Multi-Turn Conversations

In multi-turn conversations, the entire conversation history up to the current turn forms the prefix. As the conversation grows, more of the prompt is shared between turns. The first few turns may not benefit much from caching, but longer conversations see increasing cache hit rates because each new turn only adds content at the end of the existing prefix.

Cached Tokens in Usage

The usage object in chat completion responses includes a prompt_tokens_details field that reports how many input tokens were served from the KV cache:

JSON
{ "usage": { "prompt_tokens": 150, "completion_tokens": 42, "total_tokens": 192, "prompt_tokens_details": { "cached_tokens": 128, "audio_tokens": null } } }

In this example, 128 of the 150 prompt tokens were served from the KV cache, meaning the backend only needed to compute the remaining 22 tokens during prefill. The higher the cached_tokens ratio, the faster the time-to-first-token.

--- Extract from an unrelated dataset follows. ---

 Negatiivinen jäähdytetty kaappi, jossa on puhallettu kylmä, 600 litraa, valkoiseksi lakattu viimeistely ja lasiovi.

A cached_tokens value of 0 means no prefix cache was available for that request. This is normal for the first request with a given prefix or when the backend's KV cache has been evicted.

Cost Implications

On billable tiers, cached tokens are charged at a fraction of the full per-token rate. Each tier has a cached_token_cost_multiplier that determines the discount: a multiplier of 0.25 means cached tokens are charged at 25% of the standard input token price (a 75% discount). Free and Self-Hosted tiers do not meter cached tokens.

For example, on the GPU NVIDIA Shared tier ($1.25 / 1M tokens), cached tokens are billed at $0.3125 / 1M tokens. If a request has 1,000 prompt tokens and 800 are served from cache, you are charged for 200 full-price tokens plus 800 discounted tokens rather than 1,000 full-price tokens.

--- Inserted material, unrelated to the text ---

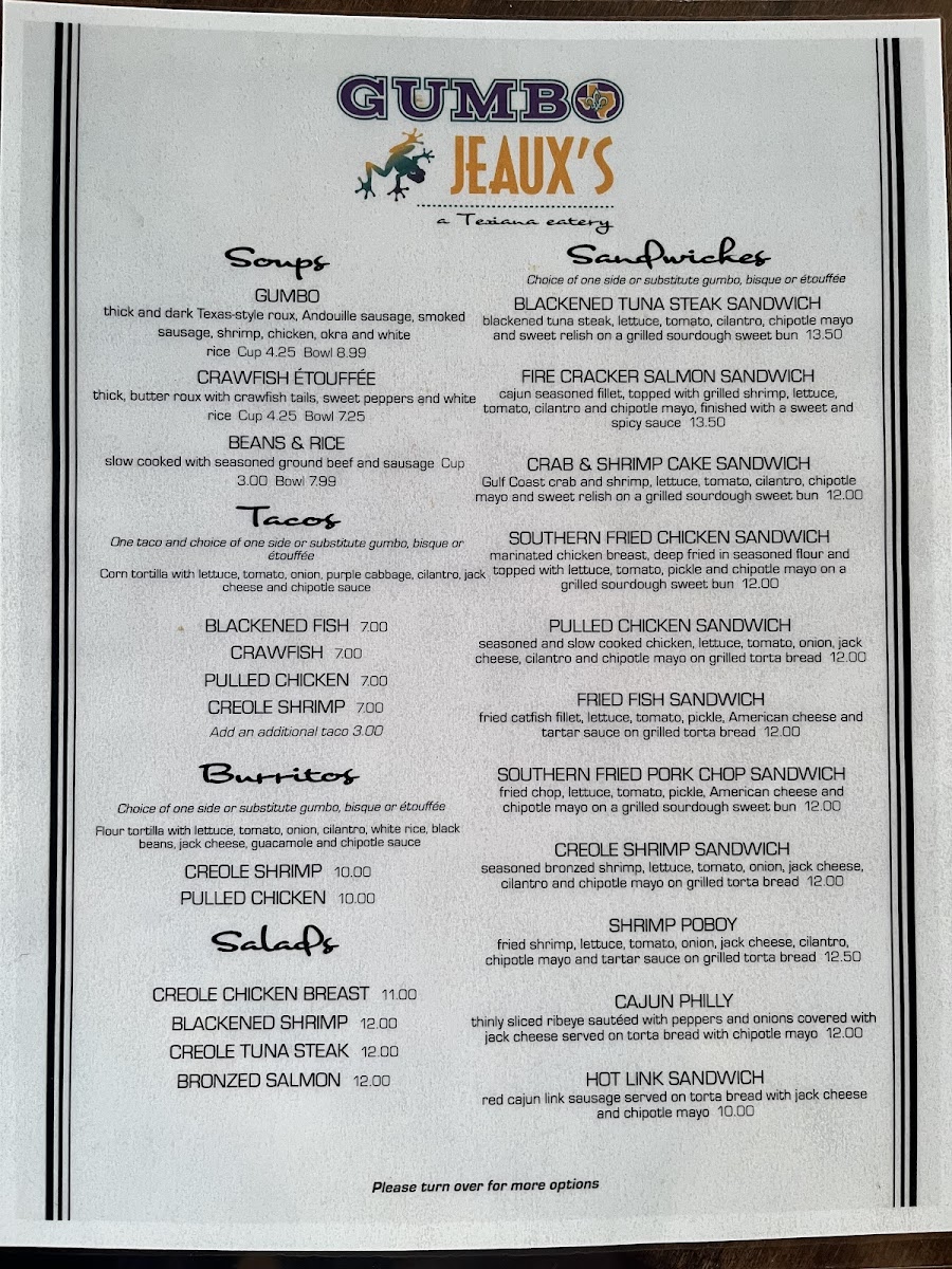 Gumbo Jeaux's Menu (2025 Update)

cost = (uncached_tokens / 1_000_000) * price_per_1m + (cached_tokens / 1_000_000) * price_per_1m * cached_token_cost_multiplier

The cached_tokens count is reported in usage.prompt_tokens_details.cached_tokens in every response, so you can monitor savings per request. See Service Tiers: Cached Token Pricing for the per-tier multiplier table.

Troubleshooting

Most "cache isn't working" reports trace back to one of three causes. Check them in order before opening a support thread.

Symptom Likely cause What to check
cached_tokens is always 0 Dynamic value early in the prompt Inspect the first 1-2 messages. Strip timestamps, request IDs, and per-request metadata; move them to the user message.
cached_tokens only sometimes > 0 Prefix landed on a different backend Affinity is preferred, not guaranteed. Under load or after restart, routing may pick a cold backend. The ratio averages out across requests; treat any single response as a sample, not a verdict.
Was caching, now isn't Prompt template drift Diff the current prompt against a known-good run. Extra whitespace, rewrapped lines, or a reordered tool list all break the prefix hash.

Tips

  • Use streaming for perceived latency. Streaming delivers tokens as they are generated, improving perceived responsiveness even when total latency is unchanged. See the Streaming API.
  • Choose the right tier. GPU tiers offer the lowest latency for interactive workloads. CPU tiers are better suited for batch processing where latency is less critical. See Service Tiers.
  • Monitor cached_tokens. Track the cached_tokens field in usage responses over time. A consistently low ratio may indicate that your prompt templates are not stable enough for caching.
  • Avoid unnecessary prompt variation. Randomized few-shot example ordering, per-request metadata in system prompts, and dynamic timestamps all reduce cache effectiveness.